少女は再び敬礼をし、青年の後ろを子犬の如く追いかける。その姿に、老人は笑みをこぼすのだった。

 

 

 

 

「日本とは一体、どのようなところなんでしょうか」

 

「・・・・・・ドイツとかわんねぇよ。女尊男卑で、めんどくせぇところはな。だがまぁ、それはおつむの悪ぃ奴らばっかがそうであって、全員が全員、そんな奴じゃあねぇ。俺の元いたとこは昔と変わらねぇ町だった・・・・・・今は知らねぇが」

 

離陸した飛行機の中、ラウラと承太郎は会話を交わしていた。ラウラは承太郎の故郷である日本に大変興味があるらしく、子供のようにはしゃいでいた。その姿に、承太郎はイラつくことなく、むしろいつも通りで助かるといったような、なんというか落ち着いた表情をしていた。

 

「そういやぁラウラ。IS学園ってぇのは一体どんなところだ? ジジイにいくら聴いても渋っちまってよぉ」

 

「ドイツよりは設備が整ってないですね」

 

「・・・・・・軍じゃねぇからじゃあないか?」

 

「確かに。学校ですからね。たぶんですがISを扱う以外は承太郎殿のいた学校と同じような所じゃないでしょうか」

 

それを聴き、承太郎の頭の中に高校のころの記憶が回想した。纏わりつく五月蝿い女子高生。下半身と脳みそが直結したような盆暗チンピラ。数少ない常識あるクラスメイト。
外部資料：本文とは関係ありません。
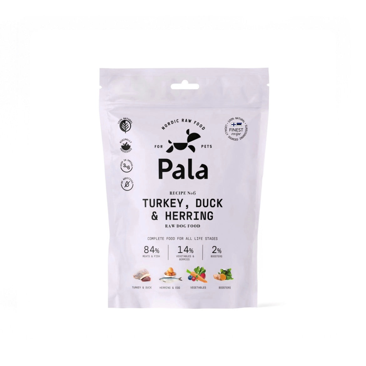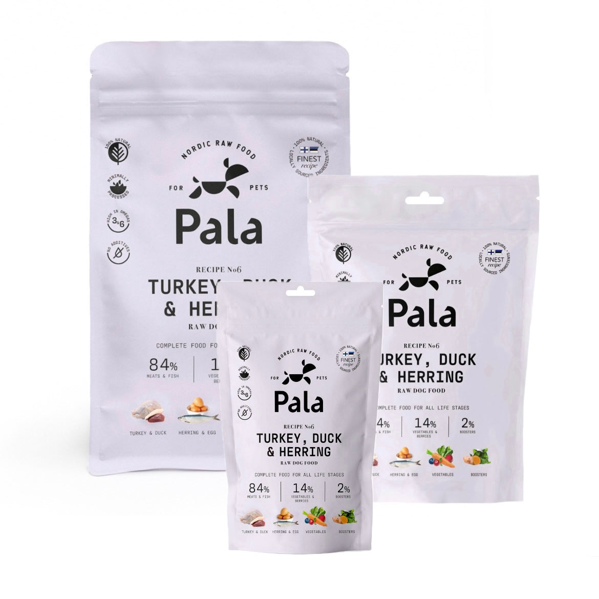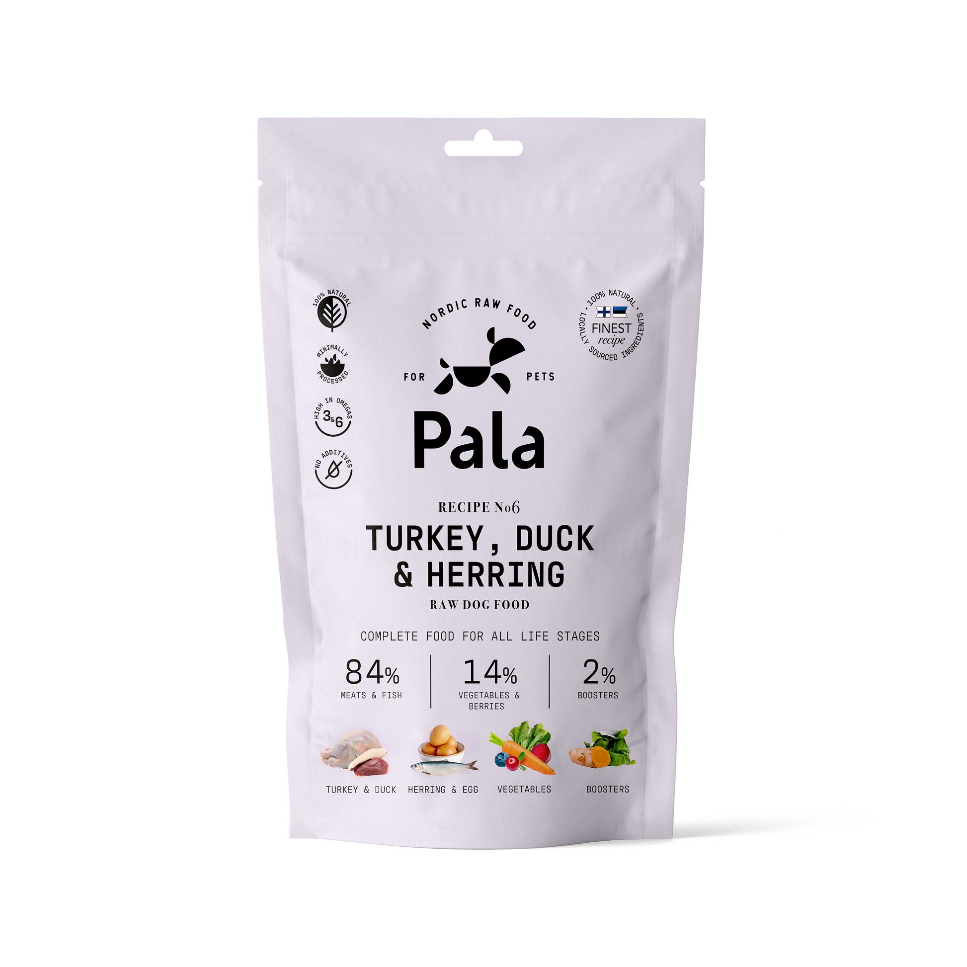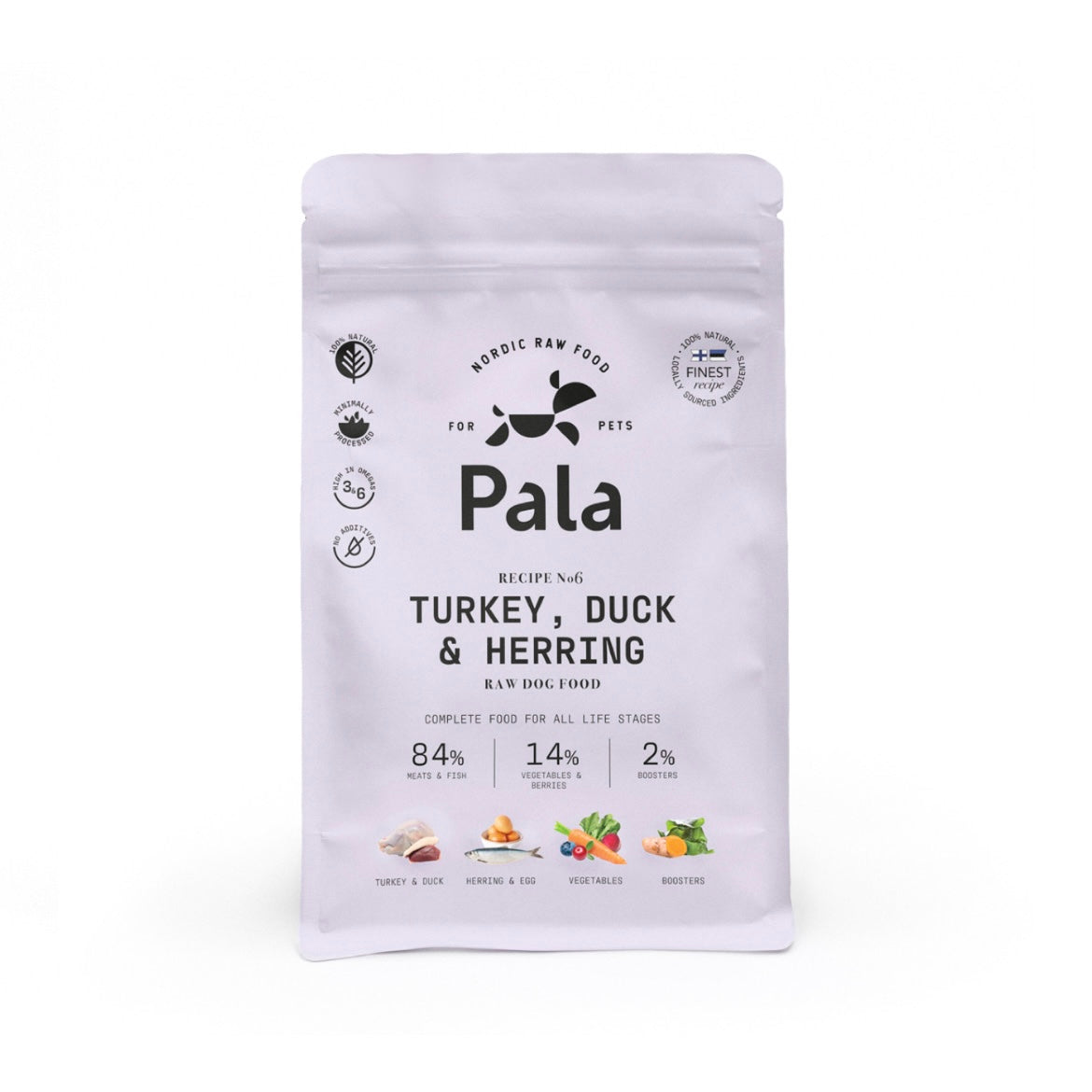 Palas komplette og balanserte oppskrifter inneholder minst 82% lett fordøyelig rått kjøtt og fisk, 13-14% grønnsaker og bær som er rike på antioksidanter og fiber, og 3-4% helt naturlige boostere. Fôret produseres i små partier for å bevare de fantastiske kvalitetene til ingrediensene uten at næring går tapt!
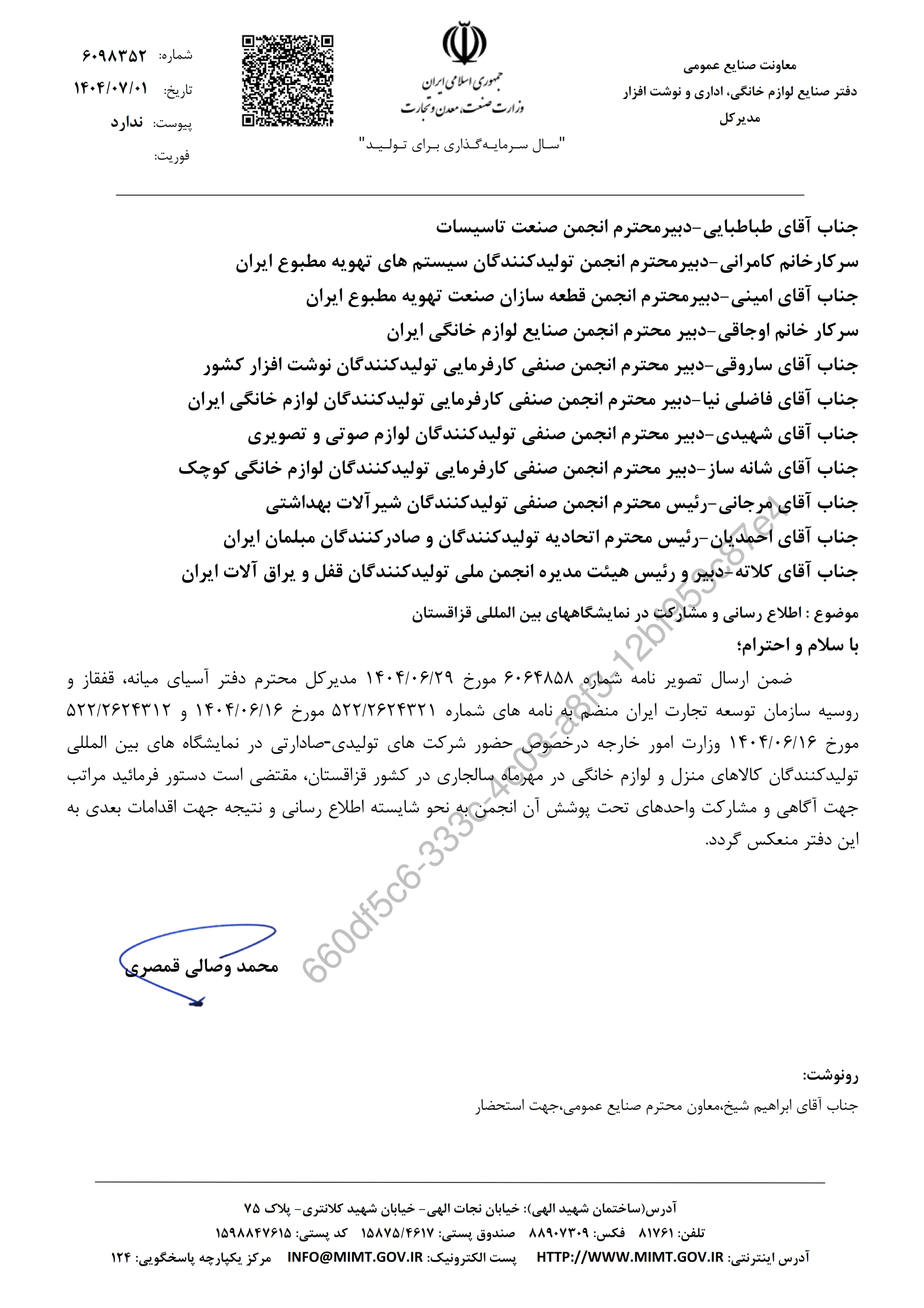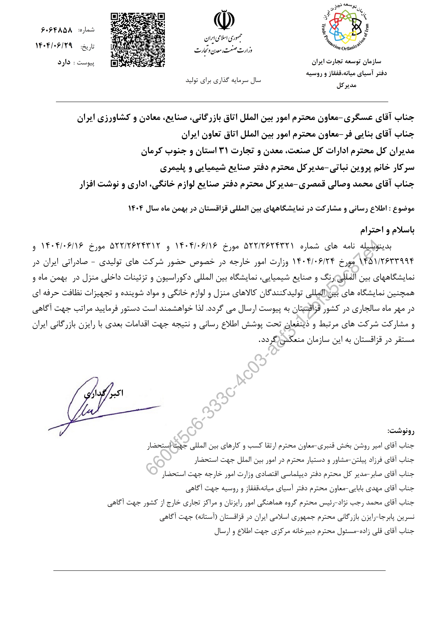 گزارش جلسه علنی مجلس شورای اسلامی مورخ 1404/06/12شهریور ۱۸, ۱۴۰۴دعوت به جلسه روز ملی کیفیت 18 آبان ماه 1404مهر ۸, ۱۴۰۴مشارکت در نمایشگاه های بین المللی قزاقستان مهر ۵, ۱۴۰۴ اشتراکمطالب مرتبطمهر ۱۶, ۱۴۰۴تغییر تاریخ اعزام هیات تجاری به نمایشگاه بین المللی یونیورسالی تاجیکستان-دوشنبه از مهر به ابان 1404اطلاعات بیشترمهر ۱۶, ۱۴۰۴سلسله سخنرانی های علمی با موضوع ساعتی به کیفیت بیاندیشیم – مورخ 27 مهر لغایت 13 آبان ماه 1404اطلاعات بیشترمهر ۱۵, ۱۴۰۴سمپوزیوم راهبری هوشمندانه در دنیای متلاطم؛ اقتصاد و استراتژی برای مدیران آینده نگر در تاریخ 23 و 24 مهر ماه 1404اطلاعات بیشتر

生徒にまで手を出そうとする女教師・・・・・・あまりいい思い出とはいえないものだった。

 

「な、何か嫌な思い出があるのですか?」

 

表情に出ていたのか、ラウラは承太郎の顔を覗き込んでいた。

 

「いや、なんでもねぇ」

 

「そうですか。でも安心してください! 前の学校がどうだったかは知りませんが。今回は私もいます!」

 

胸を張りながらラウラはそう言ってのけた。その表情には自身が満ち溢れている。その小さいからだで威張る姿は見る人を笑顔にしている。

 

「・・・・・・そうかもな」

 

かく言う承太郎も内心喜んでいるようだった。それは絆と言うものが深く関わっているのかもしれない。

 

「俺は寝る。時差ぼけだけは勘弁してほしいからな」

 

「はい。私はもう少し起きています!」

 

窓側にすわる承太郎は窓からの眺めを少し楽しみながら、眠りについた。その姿はどこか安らかで、緊張が解けたようにも感じられた。そんな寝顔を、ラウラは心底嬉しそうに眺めていた。近づいたり少し離れたり、角度を変えて表情を詳しく見たり、目をまん丸に開いて覗き込むように観察したり・・・・・・。その様子は周りの老人は楽しそうに眺めていた。それは昔の自分たちと重なって見えるのだろう。あの若かった頃はあんなふうに覗き込んでいたなぁと。

 

ラウラは承太郎が起きるまで、飽きることなく嬉しそうに様子を眺めていた。

 

 

 

 

 

「・・・・・・体が疼く。この感じはやはり」

 

日本のとある場所、そこの一室で誰かがそのような言葉をこぼした。声質からして男なのだろうか。

 

暗闇に支配されたその部屋は、何ともおぞましく薄気味悪い部屋から男の声が聞こえた。

 

「やはり、あの一族・・・・・・ジョースター家か」

 

暗闇の中に潜むそれは忌々しそうに恨めしそうにこぼす。その声色から表情がはっきりと想像できる。怒りが、恨みが、妬みが、その不の感情の全てが感じられ。

 

怒り狂ったようで冷静で、それでいて表情が一切の無表情であるということが理解できる。

 

「さぁ来い。ジョースター家。今度こそこの運命を越える」

 

その声はそういうと、大きく叫んだ。それは普通の叫びではない。何ともいえない叫びが聞こえる。それは奇声にも感じられた

 

「WRYYYYYY」

 

これはいったい何を意味するのだろうかは全くの謎。ただ一つ感じられるとすれば。

 

 

これは、まさしく奇妙な冒険の始まりを意味するのかも知れない。